The task of recognizing textual entailment (RTE) as defined by (Dagan et al. 2005; Bar-Haim et al. 2006) is the task of determining whether the meaning of one text (the hypothesis) is entailed (or inferred) from another text (simply, the text) to humans. It differs from logical inferences because world knowledge is required to assess the hypothesis. While typical instances of RTE are easy for humans, it is conversely difficult for computers in most instances.

The significance of finding a quality solution is high. Automatic solutions would have substantial impact on computers system’s capability key textual entailment recognition tasks. Consider the task of automatic tutoring (Graesser et al. 2000; Graesser, Hu, and McNamara 2005), where a student provides answers to open ended questions asked by a tutoring system in natural language. Here, student answers must be evaluated against a number of known quality answers. Similarly, consider writing a program for a computer to automatically summarize textual knowledge of several documents (called the multi-document summarization problem). Here, it may be desirable to remove sentences from the text which could be inferred by another sentence. A third example is information retrieval (IR). Here, the goal is to find documents which are semantically similar in response to a query. Thus, the task for RTE is to evaluate the semantic closeness or relatedness of two documents and only provide a match when documents entail the query.

One related challenge to RTE is Word Sense Disambiguation (WSD). WSD literally applies knowledge of the world events to match words and phrases to meanings, herein called synsets. Similar to RTE, WSD is performed easily by humans but very poorly by computers. Thus, WSD also requires a protocol for disambiguating words and phrases into synsets automatically (i.e., without human assistance).

Humans implicitly disambiguate words by matching the word in context to meanings and experiences stored in memory. With humans, context and experience serve as world knowledge.
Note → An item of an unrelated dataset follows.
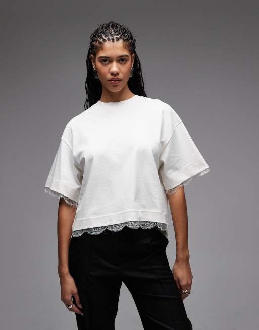 AllSaints - Nia - T-shirt corta bianca con finiture in pizzo

Consider the following entailment instance: the text “John Smith received a belt.” entails the hypothesis “John Smith received a strip of leather to fasten around his waist.” In this example, “belt” may have the meaning of “a strip of leather to fasten around the waste,” “a strip of leather with machine-gun ammo attached” or “a strong punch.” The human may remember the full set of potential meanings but experience will quickly identify “a strip of leather to fasten around the waste” as the specific and proper meaning. Resolving word/phrases to a list of synsets (i.e., a concept or meaning) is relatively easy. However, no automated solution has captured human experience sufficiently well to choose the appropriate meaning. Therefore, the crux of this issue is finding a representation of human world knowledge and experience in a model that will perform on computers the same function with a success comparable to humans.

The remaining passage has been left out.